ABSTRACT: There is a wealth of information available in textbooks, scientific publications and conference proceedings, as well as advice from veterinarians and anecdotal personal experience regarding the care of neonatal puppies.

Neonatal survival in domestic dogs can be improved by effective management of the bitch and appropriate neonatal care. This article aims to bring this information together to provide the veterinary nurse with a useful and informative reference guide for the practice file.

Part one of this two-part series considered the healthy neonatal puppy and how to identify and care for the healthy neonate from birth. This month, part two describes the sick neonate and detail some different conditions to which neonatal puppies are particularly susceptible; including hypoglycaemia, hypothermia, hypoxia and dehydration.

The sick neonate

A number of factors can help reduce the incidence of illness in neonates, including:

   maintenance of breeding records including details of the health status of breeding stock, aiming to reduce unfavourable factors;

   good management during whelping and the immediate postnatal period;

   ensuring puppies receive adequate colostrums;

   recognising the signs of ill health early; and

   sending dead puppies for post-mortem examination.1-2

Signs that a neonatal puppy may be sick include being underweight with a thin, bony appearance and a slack abdomen; failure to suck; the puppy’s skin feeling cold and inelastic; a coat in poor condition; persistent crying and possibly a loss of body twitching. Neonatal puppies can be difficult to treat owing to their immature temperature regulation and immune systems and their small size.
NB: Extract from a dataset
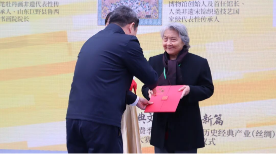 研究員級(jí)高工、蘇州絲綢博物館創(chuàng)始人及首任館長、人類非遺宋錦織造技藝國家級(jí)代表性傳承人錢小萍大師受聘為為“中國絲綢非遺技藝傳承與產(chǎn)業(yè)轉(zhuǎn)化研究中心”高級(jí)顧問。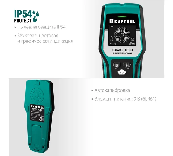 Универсальный детектор Kraftool GMS 120 45298 помогает обнаруживать скрытые конструкции, расположенные глубоко в стене. Благодаря соблюдению высоких стандартов качества обеспечивает надежную работу на протяжении всего срока службы. Модель отличается высокой точностью. Графический дисплей обеспечивает легкое считывание данных. Прочный корпус устойчив к механическим повреждениям. Технические характеристики KRAFTOOL GMS 120 45298 Поверка нет Внесен в госреестр нет Элементы питания крона(6LR61;6F22;6KR61) Количество и напряжение элементов питания 1х9B Обнаруживаемые материалы черные и цветные металлы/проводка/дерево Max глубина обнаружения древесины 20 мм Max глубина обнаружения проводки 50 мм Max глубина обнаружения цветных металлов 80 мм Max глубина обнаружения черных металлов 120 мм Глубина обнаружения 120 мм Вес нетто 0.344 кг Преимущества KRAFTOOL GMS 120 45298 Простота эксплуатации Автоматическая калибровка Звуковая, графическая и цифровая индикация Автоотключение при бездействии для экономии заряда батареи Мягкий чехол для удобства хранения и транспортировки Kraftool GMS 120 45298

Sick puppies with minor signs of disease

Early supplemental feeding and nursing care are important for puppies with minor signs of disease; these include failure to gain weight, tiredness and being slow to feed. After adequate intake of colostrum, milk should be given every two to three hours by feeding bottle or orogastric tube.3 4

To tube feed, measure the distance from the tip of the nose to the last rib using the tube and then mark the tube at three quarters of this length (used as a guide to determine distance to the stomach). An 8 French gauge urinary catheter works well and should be lubricated on the outside with a small amount of water before being fed into the mouth, over the tongue to the back of the throat with the puppy upright and the head in a normal position (Figure 1). 

Figure 1: Schematic representation of an orogastric tube placed in a neonatal puppy

Most puppies will swallow the tube, which is normally visible on the left side of the neck as it travels down the oesophagus. Just before administration, negative pressure should be applied to the syringe and if air is aspirated it should be assumed that the tube has inadvertently been placed into the trachea and the tube should be withdrawn and then replaced. Food can then slowly be introduced into the stomach.3’4

A useful video demonstrating tube feeding of puppies is available at http://video.vetguide.org/tube-feeding-to- puppy-kopek-yavrusu.html. The perineal region of each pup should be regularly stimulated to ensure expulsion of urine and faeces as described in part one of this article series.

When treating minor disease, body temperature should be maintained and recorded every few hours along with environmental temperature (see normal values for temperature in Part one, VNJ 27: 11, January 2012). Hydration status should be checked – this can be estimated from the amount of weight gain (measured three times daily), mucous membrane colour (Table 1) and urine colour (normal hydration presents as urine with no colour).2

Puppies with minor signs of illness may be at risk of overgrowth of commensal bacteria in the gut which may spread systemically; therefore the collection of bacteriological samples from faeces and blood for aerobic and anaerobic culture should be considered, followed by administration of broad spectrum antimicrobial preparations (commonly oral clavulanic acid potentiated amoxicillin at 12.5 to 25mg/kg twice daily).

Once the downward spiral of failing to suck has begun, circulatory collapse and death can quickly follow. This is complicated by the close relation of a number of clinical signs (Figure 2).

Figure 2: The interrelating nature of clinical signs in the sick neonatal puppy

Sick puppies with more serious signs of disease

Immediate aggressive treatment is required in cases with more serious clinical signs; these include dehydration, persistent crying and failure to feed. Treatment should aim to reverse hypothermia and hypoxia, treat or prevent dehydration and prevent commensal organism overgrowth.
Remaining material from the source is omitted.